> **Directions**
Copy every line of the records that includes the word "Károlyi".

> **Input records**
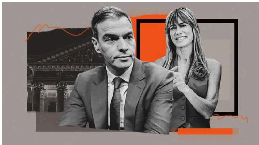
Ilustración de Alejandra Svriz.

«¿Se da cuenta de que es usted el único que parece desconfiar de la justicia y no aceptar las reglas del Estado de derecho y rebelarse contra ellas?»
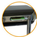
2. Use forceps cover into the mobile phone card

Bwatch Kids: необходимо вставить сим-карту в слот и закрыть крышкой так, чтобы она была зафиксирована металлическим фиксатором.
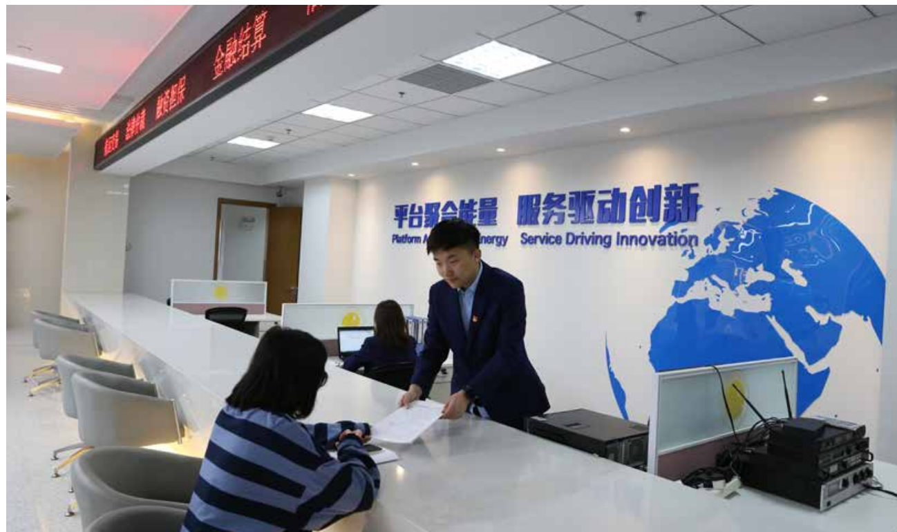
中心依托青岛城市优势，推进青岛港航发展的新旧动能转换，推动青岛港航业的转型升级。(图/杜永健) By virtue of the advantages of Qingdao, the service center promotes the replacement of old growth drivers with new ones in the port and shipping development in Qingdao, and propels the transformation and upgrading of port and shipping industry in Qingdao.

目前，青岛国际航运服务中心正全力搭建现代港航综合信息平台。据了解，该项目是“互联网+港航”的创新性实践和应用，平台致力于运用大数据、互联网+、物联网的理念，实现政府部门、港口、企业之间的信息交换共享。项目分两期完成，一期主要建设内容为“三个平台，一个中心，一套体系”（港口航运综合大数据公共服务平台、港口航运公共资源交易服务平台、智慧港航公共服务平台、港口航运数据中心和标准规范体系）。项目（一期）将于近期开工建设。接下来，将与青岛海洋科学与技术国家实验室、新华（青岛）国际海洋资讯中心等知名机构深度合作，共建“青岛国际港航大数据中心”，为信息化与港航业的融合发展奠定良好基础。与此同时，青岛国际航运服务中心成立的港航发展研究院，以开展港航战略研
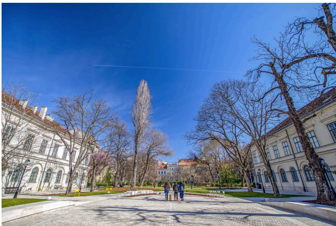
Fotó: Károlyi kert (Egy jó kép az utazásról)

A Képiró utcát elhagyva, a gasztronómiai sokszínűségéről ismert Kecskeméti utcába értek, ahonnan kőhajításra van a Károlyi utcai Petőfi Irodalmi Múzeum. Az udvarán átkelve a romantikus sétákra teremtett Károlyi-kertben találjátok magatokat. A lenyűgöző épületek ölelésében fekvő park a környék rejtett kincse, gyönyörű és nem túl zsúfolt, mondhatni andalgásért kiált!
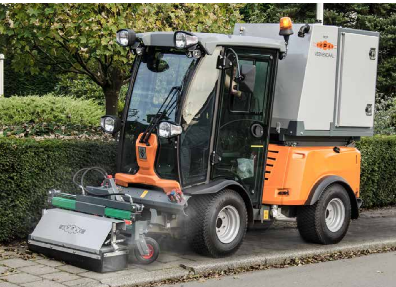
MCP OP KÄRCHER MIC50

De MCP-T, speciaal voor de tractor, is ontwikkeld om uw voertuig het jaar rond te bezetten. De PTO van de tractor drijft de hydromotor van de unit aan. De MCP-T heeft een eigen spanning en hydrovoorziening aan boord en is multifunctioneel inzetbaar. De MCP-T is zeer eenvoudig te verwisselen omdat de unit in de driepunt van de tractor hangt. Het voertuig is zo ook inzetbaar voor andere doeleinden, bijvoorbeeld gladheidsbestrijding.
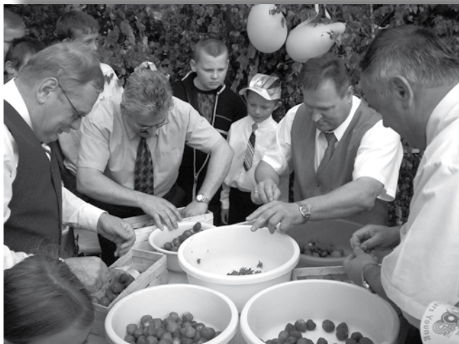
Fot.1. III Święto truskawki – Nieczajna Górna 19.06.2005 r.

> **Response to the task**
Fotó: Károlyi kert (Egy jó kép az utazásról)
A Képiró utcát elhagyva, a gasztronómiai sokszínűségéről ismert Kecskeméti utcába értek, ahonnan kőhajításra van a Károlyi utcai Petőfi Irodalmi Múzeum. Az udvarán átkelve a romantikus sétákra teremtett Károlyi-kertben találjátok magatokat. A lenyűgöző épületek ölelésében fekvő park a környék rejtett kincse, gyönyörű és nem túl zsúfolt, mondhatni andalgásért kiált!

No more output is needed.